TASK INSTRUCTIONS:
Look through the records below, and whenever a line contains "Störche", copy it.

---------- DATA TO USE ----------

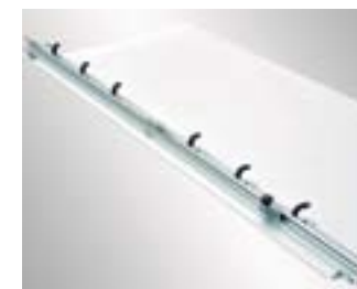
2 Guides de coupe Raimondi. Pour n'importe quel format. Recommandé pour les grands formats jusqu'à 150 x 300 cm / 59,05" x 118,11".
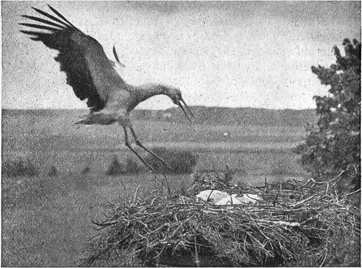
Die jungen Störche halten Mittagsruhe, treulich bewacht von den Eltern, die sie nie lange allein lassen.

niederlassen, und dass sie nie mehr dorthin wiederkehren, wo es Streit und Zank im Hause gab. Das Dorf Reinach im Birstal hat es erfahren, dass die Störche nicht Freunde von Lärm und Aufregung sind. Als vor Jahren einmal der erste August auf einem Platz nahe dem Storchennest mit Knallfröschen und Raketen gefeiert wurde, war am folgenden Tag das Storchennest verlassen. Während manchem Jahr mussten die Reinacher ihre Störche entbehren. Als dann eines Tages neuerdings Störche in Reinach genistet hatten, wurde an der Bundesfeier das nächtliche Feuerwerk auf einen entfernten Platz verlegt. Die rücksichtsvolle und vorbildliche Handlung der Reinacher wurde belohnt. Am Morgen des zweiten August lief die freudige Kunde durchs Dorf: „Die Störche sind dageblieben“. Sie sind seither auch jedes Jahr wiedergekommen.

----------
---------- DATA TO USE ----------

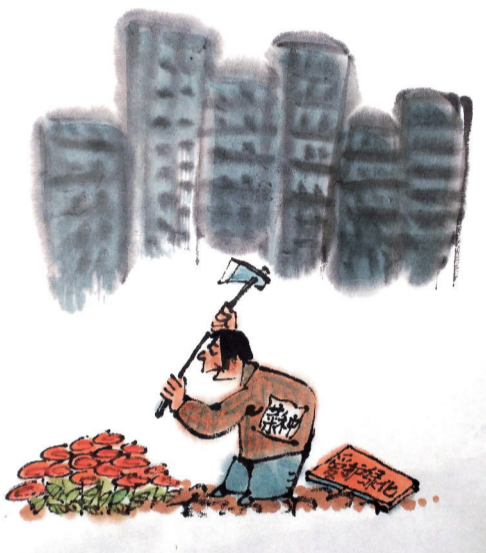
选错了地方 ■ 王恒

----------

YOUR RESPONSE:
Die jungen Störche halten Mittagsruhe, treulich bewacht von den Eltern, die sie nie lange allein lassen.
niederlassen, und dass sie nie mehr dorthin wiederkehren, wo es Streit und Zank im Hause gab. Das Dorf Reinach im Birstal hat es erfahren, dass die Störche nicht Freunde von Lärm und Aufregung sind. Als vor Jahren einmal der erste August auf einem Platz nahe dem Storchennest mit Knallfröschen und Raketen gefeiert wurde, war am folgenden Tag das Storchennest verlassen. Während manchem Jahr mussten die Reinacher ihre Störche entbehren. Als dann eines Tages neuerdings Störche in Reinach genistet hatten, wurde an der Bundesfeier das nächtliche Feuerwerk auf einen entfernten Platz verlegt. Die rücksichtsvolle und vorbildliche Handlung der Reinacher wurde belohnt. Am Morgen des zweiten August lief die freudige Kunde durchs Dorf: „Die Störche sind dageblieben“. Sie sind seither auch jedes Jahr wiedergekommen.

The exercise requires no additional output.